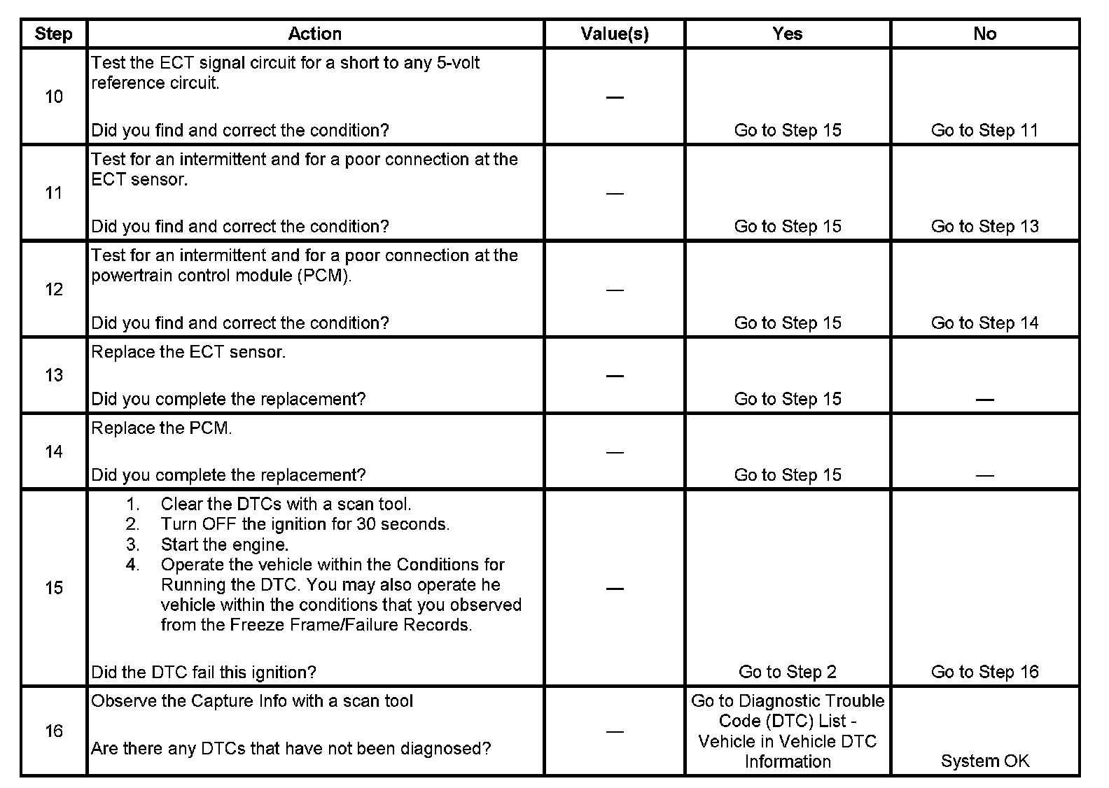 - If a short to a separate voltage source occurs, this DTC may set and damage the ECT sensor. After starting the engine, the ECT should rise steadily, then stabilize after the thermostat opens.
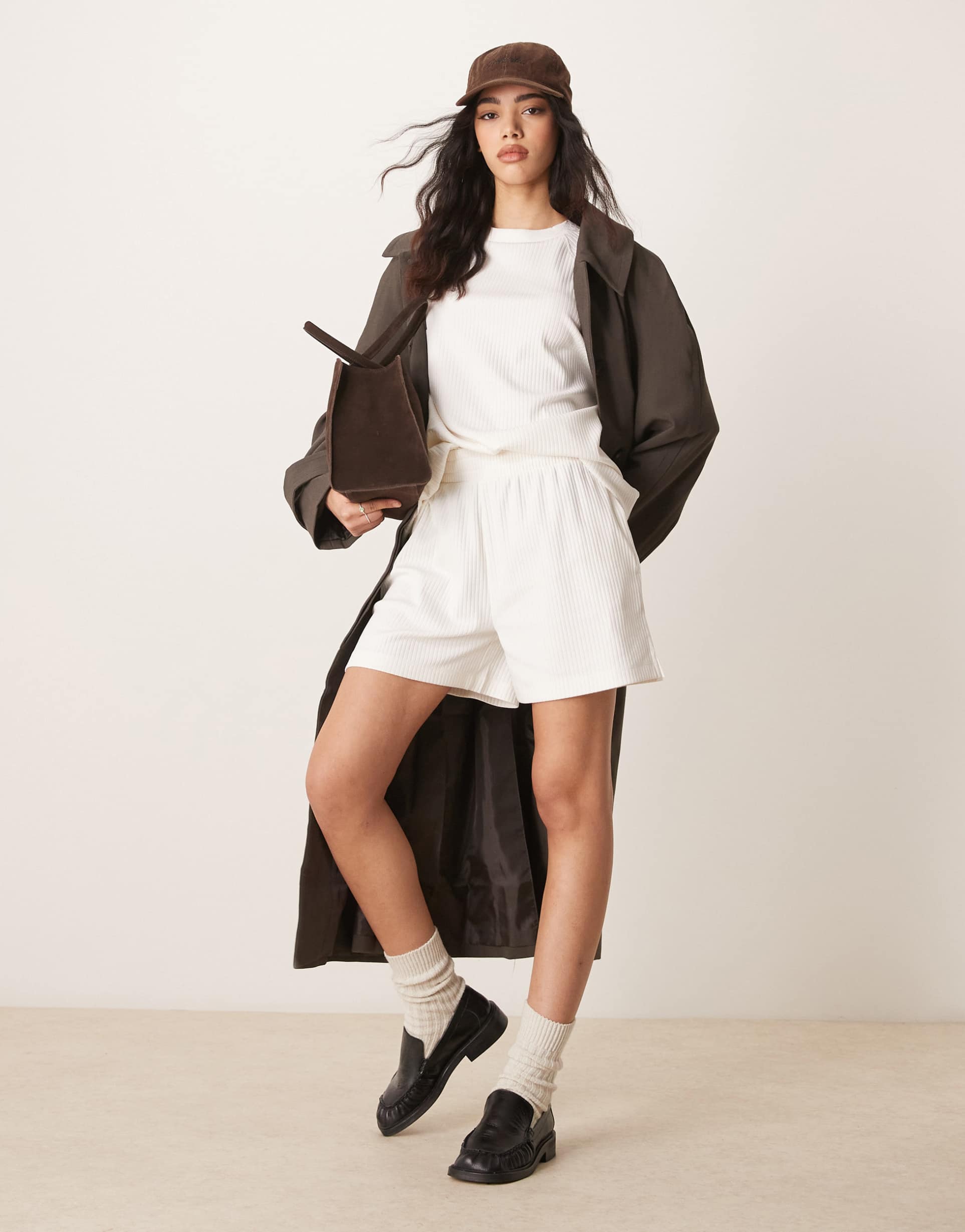 Cream Ribbed Shorts For Casual Outfits
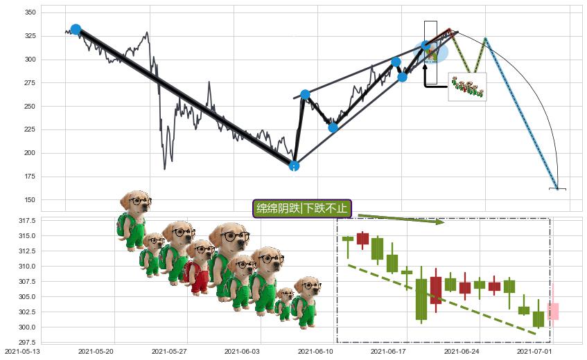 ➣ 【中枢B】:2021-06-17-2021-07-02,中枢由5笔构成,共12交易日, ZG=305.86, ZD=301.17
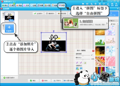 另外还有一种方法可以搞定图片合成,利用美图秀秀的“自由拼图”功能,将照片一起添加在一个画布中。
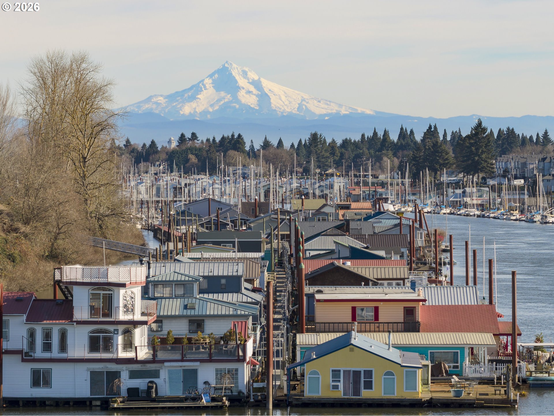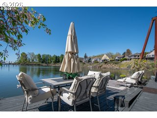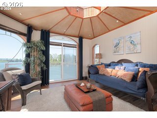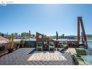 Two homes in one—on the water. This rare duplex style home was originally designed as two residences, the home provides exceptional versatility: live in one and offset costs by renting the other (minimum 6-month rentals allowed), create a multi-generational setup, co-own with a friend, design a live/work lifestyle, or enjoy the entire home as a spacious retreat. Set on one of the largest slips in Tomahawk Floating Home Community, this home features unobstructed river views, a private boat garage/well, sun room, and multiple decks designed for true waterfront living. A beautiful wood spiral staircase inside connects both levels, allowing the home to function as one cohesive space or be closed off & locked for privacy when used as two separate residences.The main level includes a remodeled chef’s dream kitchen with a gas range, granite counters,, custom cabinetry, a large prep island, and excellent storage, opening to living & dining spaces with wall-to-wall river views and access to a private deck for al fresco dining. This level also includes a bedroom, 3/4 bath, sun-porch entry, and access to the enclosed boat well/garage.The upper residence offers its own private entrance, full kitchen, inviting living room with pellet stove, primary suite with ensuite bath and walk-in closet, additional bedroom, and expansive water views. A light-filled sun room on the 3rd level provides flexible space for an office, studio, or retreat, with access to rooftop decks for unbelievable sunrise views over the mountain to the east & sunset views to the west. Slip ownership included. HOA $430/month covers water, sewer, and garbage. Pet-friendly community. Float rated a 4. Enjoy an active, social moorage with gatherings and shared gardening, plus the added distinction of a certified yacht club with reciprocal privileges worldwide—bringing both connection and adventure right to your doorstep. **Don't forget to check out the virtual tour!
━━━━━━━━
**Task details**
Leave the images behind and write out every entry exactly.

**Answer to the problem**
 - If a short to a separate voltage source occurs, this DTC may set and damage the ECT sensor. After starting the engine, the ECT should rise steadily, then stabilize after the thermostat opens.
 Cream Ribbed Shorts For Casual Outfits
 ➣ 【中枢B】:2021-06-17-2021-07-02,中枢由5笔构成,共12交易日, ZG=305.86, ZD=301.17
 另外还有一种方法可以搞定图片合成,利用美图秀秀的“自由拼图”功能,将照片一起添加在一个画布中。
 Two homes in one—on the water. This rare duplex style home was originally designed as two residences, the home provides exceptional versatility: live in one and offset costs by renting the other (minimum 6-month rentals allowed), create a multi-generational setup, co-own with a friend, design a live/work lifestyle, or enjoy the entire home as a spacious retreat. Set on one of the largest slips in Tomahawk Floating Home Community, this home features unobstructed river views, a private boat garage/well, sun room, and multiple decks designed for true waterfront living. A beautiful wood spiral staircase inside connects both levels, allowing the home to function as one cohesive space or be closed off & locked for privacy when used as two separate residences.The main level includes a remodeled chef’s dream kitchen with a gas range, granite counters,, custom cabinetry, a large prep island, and excellent storage, opening to living & dining spaces with wall-to-wall river views and access to a private deck for al fresco dining. This level also includes a bedroom, 3/4 bath, sun-porch entry, and access to the enclosed boat well/garage.The upper residence offers its own private entrance, full kitchen, inviting living room with pellet stove, primary suite with ensuite bath and walk-in closet, additional bedroom, and expansive water views. A light-filled sun room on the 3rd level provides flexible space for an office, studio, or retreat, with access to rooftop decks for unbelievable sunrise views over the mountain to the east & sunset views to the west. Slip ownership included. HOA $430/month covers water, sewer, and garbage. Pet-friendly community. Float rated a 4. Enjoy an active, social moorage with gatherings and shared gardening, plus the added distinction of a certified yacht club with reciprocal privileges worldwide—bringing both connection and adventure right to your doorstep. **Don't forget to check out the virtual tour!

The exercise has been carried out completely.